Our collaborators in Cambridge put together a fantastic demo to demonstrate the use of efficient messaging protocols in a large multicore system. The system was modified with lightweight in-memory tracing to trace key events such as message send and receive, context switches, and user execution to a per-core ring buffer. A shared daemon then collected these trace logs and streamed them over the network to a GUI application that visualised the trace. This allowed us to visualise how different message-passing protocols (particularly the optimised broadcast and multicast trees we evaluated in the paper) behaved in real-time.

To give this demo at SOSP we needed a suitably large multicore machine running Barrelfish, which required its own non-trivial logistics effort. A system was shipped from Cambridge to Redmond, and then driven 12+ hours to Big Sky by Sameh Elnikety (to whom we remain grateful), arriving in the small hours of Saturday morning to spend the rest of the night outside in well-below-freezing temperatures. Carrying a deep-frozen 4U server across a windy carpark is not an experience that Simon, Mothy or I wish to relive, but the machine itself survived without apparent issue and after some last-minute fine tuning we were ready for the poster session.

Big Sky Resort on a frozen morningBig Sky Resort on a frozen morning during SOSP’09. Photo by Chris Frost, CC BY-NC-SA 2.0.

Besides demonstrating message-passing workloads, our demo had a party trick that we always saved for the end. By programming a per-core service to busy wait (spin) for a configurable number of cycles in response to each message, and then sending messages to specific cores, it was possible to treat 8 individual cores as pixels, and cause messages such as “Barrelfish posse in full effect!!!” to scroll across our trace visualiser in a retro 8-bit font.
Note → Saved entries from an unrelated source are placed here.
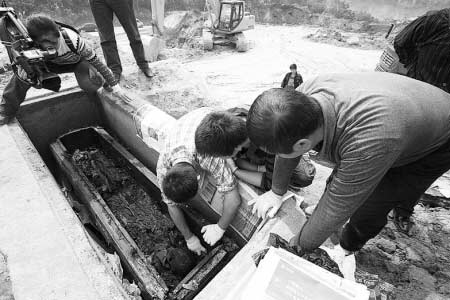 昨日上午,經(jīng)過幾小時(shí)挖掘,該墓葬被打開!皼]想到這個(gè)古墓保存這么完好!贝蜷_棺蓋的瞬間,廈門文物保護(hù)中心主任靳維柏驚喜地說。
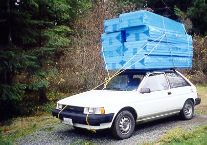 9 hour: Finished boom goosneck toggle and monuted boom. Cut bunch of SM foam for cabin top. Decided to use board foam rather than spayed urethane. I requested 3 quotes and they were all around Can$ 4000 to $4500. One was a sorta over the phone, one was a fax and one guy showed up to see the job. Except for the liquor on his breath at 5PM he seem pretty on the ball with material specs and tips for prep. When I called him up in October he did not seem too comfortable with doing it in the weather conditions ( too cool ). He would need tarps heaters and 3 days of my time plus a suitable weather window. The cost would go up too as the foam expansion would not be as good. I asked him if he was sure he would be able to get it done in November and he could not make a firm commitment. Sooo with no fixed price and no assurance the job would be done I decided to go with board foam. This works pretty well in a sheet boat. Still it has to be bonded and then all the joints sealed to form a vapour barier to prevent condensation on the skin. Took 4 trips with the beater to get it all home. Foam cost this way is about Can$1300 plus a bunch of polyurethane gunk Sonolastic 150 at about $600 and about $400 of canned foam to cover over the edges beside the furring strips and in other areas. So its about 1/2 the cost and perhaps 2/3 the weight which are nice bonuses. Still takes a bunch of time though.
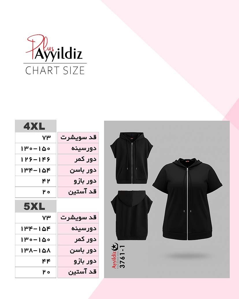 سویشرت آستین کوتاه سایز بزرگ زنانه کد 3761
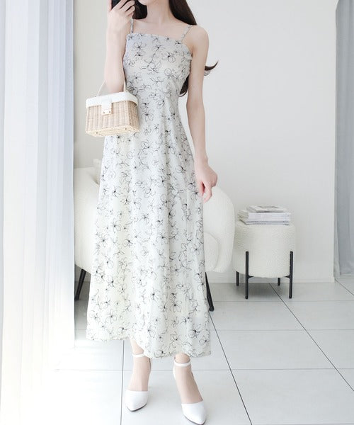 ガーリー好きにぴったりな線花柄キャミワンピに、

This produced quite a reaction in our audience, but sadly we have no record of it in action.

An “audience choice award” was announced and voted on at the conference, but mysteriously the results were never released… far be it for us to indulge in conspiracy theories, but we did have our hopes up!
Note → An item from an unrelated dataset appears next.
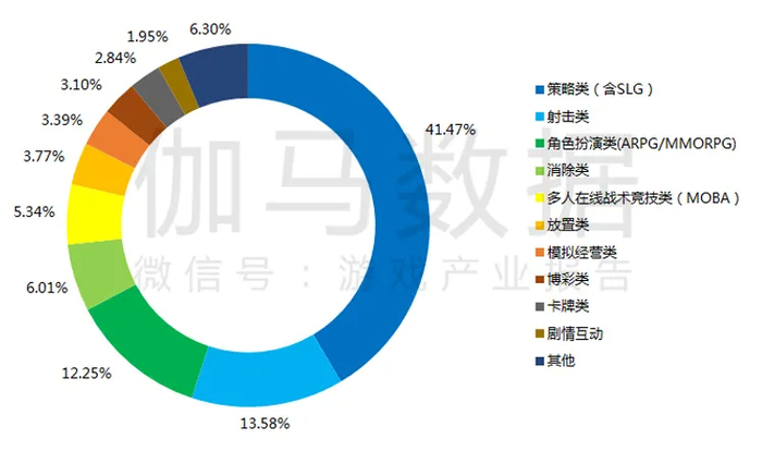 出海移动游戏中策略类、射击类、角色扮演类游戏最受欢迎。策略类达41.47%,遥遥领先于其余类型。

Impact and lessons learned

The multikernel paper has arguably proven influential in the research community; most significantly it established a term for a new point in the OS design space, and led to follow-on work both by the Barrelfish team and others. For example, 2010’s An Analysis of Linux Scalability to Many Cores was in some ways an explicit response to the multikernel proposal. Popcorn showed how to turn Linux into a multikernel. More recently, LegoOS applied a multikernel design to disaggregated servers.
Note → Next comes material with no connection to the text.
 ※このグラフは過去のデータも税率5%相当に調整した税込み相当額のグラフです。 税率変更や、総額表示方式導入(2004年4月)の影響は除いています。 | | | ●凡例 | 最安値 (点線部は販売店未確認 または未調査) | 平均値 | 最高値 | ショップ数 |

Systems such as Arrakis and FlexNIC not only leveraged the multikernel design, but built on the Barrelfish codebase (helping validate all the work we put into open source). LXDs borrowed and refined the shared-memory message-passing protocol we developed for Barrelfish, along with the AC async framework for using it effectively. Although most of the founding members have moved on, Barrelfish remains an active project. Besides the Enzian system, Barrelfish is also used for teaching advanced OS courses at ETH Zurich and UT Austin.

If there’s a final takeaway message here for the OS research community, perhaps it’s that we should continue to encourage the risky business of building systems for blue-sky research. In simplistic terms of research output measured as papers over time, the first three years of Barrelfish were highly unproductive, and the effort we put into building and demoing a complete system was irrelevant. Yet, it seems notable that of the 23 papers presented at SOSP 2009, three described new research OSes (seL4, Helios, and Barrelfish), and two of those three are now in the SIGOPS Hall of Fame. If we had instead spent our time incrementally extending Linux or Windows, would we be reminiscing about it a decade later? Probably not.

Acknowledgements

Thanks are due to Paul Barham, Rebecca Isaacs, Simon Peter and Timothy Roscoe for feedback on this article, and to the many other contributors to Barrelfish.